# TASK REQUIREMENTS:
Exactly the lines below from the one with "ふしぎな科学の世界を体験!!" up to and including the one with "pies (7,5 m)" make up the answer, with nothing else added.

=== Begin Enclosure ===

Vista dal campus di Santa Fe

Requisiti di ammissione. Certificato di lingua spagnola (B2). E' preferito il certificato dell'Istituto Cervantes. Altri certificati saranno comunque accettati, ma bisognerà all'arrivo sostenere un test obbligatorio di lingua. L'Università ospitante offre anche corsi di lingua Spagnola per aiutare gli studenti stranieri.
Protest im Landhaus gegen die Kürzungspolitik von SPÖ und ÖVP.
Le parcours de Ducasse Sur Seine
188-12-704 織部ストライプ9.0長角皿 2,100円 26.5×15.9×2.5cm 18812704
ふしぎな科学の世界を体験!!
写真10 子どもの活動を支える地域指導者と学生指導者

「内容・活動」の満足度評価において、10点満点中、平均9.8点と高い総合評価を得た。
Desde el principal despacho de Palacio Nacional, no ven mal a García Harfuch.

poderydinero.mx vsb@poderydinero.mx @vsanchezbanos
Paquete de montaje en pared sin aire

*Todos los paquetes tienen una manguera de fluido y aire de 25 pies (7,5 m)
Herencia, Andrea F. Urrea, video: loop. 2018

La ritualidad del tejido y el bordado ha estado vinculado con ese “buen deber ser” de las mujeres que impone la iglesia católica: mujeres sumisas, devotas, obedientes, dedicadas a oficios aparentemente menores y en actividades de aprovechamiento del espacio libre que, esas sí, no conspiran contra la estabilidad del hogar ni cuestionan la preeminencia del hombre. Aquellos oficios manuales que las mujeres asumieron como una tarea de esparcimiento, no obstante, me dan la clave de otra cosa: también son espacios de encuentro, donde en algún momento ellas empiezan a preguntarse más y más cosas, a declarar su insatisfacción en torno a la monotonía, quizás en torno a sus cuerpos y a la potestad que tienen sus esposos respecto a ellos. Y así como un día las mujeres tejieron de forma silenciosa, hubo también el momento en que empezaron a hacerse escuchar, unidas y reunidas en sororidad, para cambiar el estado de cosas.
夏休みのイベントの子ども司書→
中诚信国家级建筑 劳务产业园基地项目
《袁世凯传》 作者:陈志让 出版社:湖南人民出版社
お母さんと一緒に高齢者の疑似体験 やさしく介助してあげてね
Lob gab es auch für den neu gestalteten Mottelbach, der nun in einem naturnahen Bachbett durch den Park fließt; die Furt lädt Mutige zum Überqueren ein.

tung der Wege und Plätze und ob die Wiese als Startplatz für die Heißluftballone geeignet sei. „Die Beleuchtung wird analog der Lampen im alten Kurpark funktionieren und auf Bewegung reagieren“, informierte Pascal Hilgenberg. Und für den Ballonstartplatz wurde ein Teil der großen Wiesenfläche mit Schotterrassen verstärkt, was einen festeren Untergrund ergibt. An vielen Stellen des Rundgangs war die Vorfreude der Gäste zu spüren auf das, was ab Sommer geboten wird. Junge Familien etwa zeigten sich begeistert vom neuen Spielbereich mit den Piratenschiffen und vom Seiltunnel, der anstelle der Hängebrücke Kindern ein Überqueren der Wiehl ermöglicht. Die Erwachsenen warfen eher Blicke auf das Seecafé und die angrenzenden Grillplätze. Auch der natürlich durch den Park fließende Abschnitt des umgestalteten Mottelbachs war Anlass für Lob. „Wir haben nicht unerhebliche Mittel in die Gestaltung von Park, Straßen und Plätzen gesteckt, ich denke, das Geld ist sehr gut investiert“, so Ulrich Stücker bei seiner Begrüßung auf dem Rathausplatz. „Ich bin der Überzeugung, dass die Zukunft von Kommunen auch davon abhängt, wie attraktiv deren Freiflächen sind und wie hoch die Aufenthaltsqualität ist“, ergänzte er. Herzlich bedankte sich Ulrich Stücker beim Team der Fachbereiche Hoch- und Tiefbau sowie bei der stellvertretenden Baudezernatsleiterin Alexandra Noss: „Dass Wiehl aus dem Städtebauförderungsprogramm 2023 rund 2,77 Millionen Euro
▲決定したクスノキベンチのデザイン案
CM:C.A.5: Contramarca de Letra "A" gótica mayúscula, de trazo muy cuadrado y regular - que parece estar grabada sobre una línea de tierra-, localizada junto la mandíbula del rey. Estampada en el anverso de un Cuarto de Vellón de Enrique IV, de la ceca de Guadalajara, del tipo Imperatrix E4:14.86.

=== End Enclosure ===

# SOLUTION TO THIS TASK:
ふしぎな科学の世界を体験!!
写真10 子どもの活動を支える地域指導者と学生指導者

「内容・活動」の満足度評価において、10点満点中、平均9.8点と高い総合評価を得た。
Desde el principal despacho de Palacio Nacional, no ven mal a García Harfuch.

poderydinero.mx vsb@poderydinero.mx @vsanchezbanos
Paquete de montaje en pared sin aire

*Todos los paquetes tienen una manguera de fluido y aire de 25 pies (7,5 m)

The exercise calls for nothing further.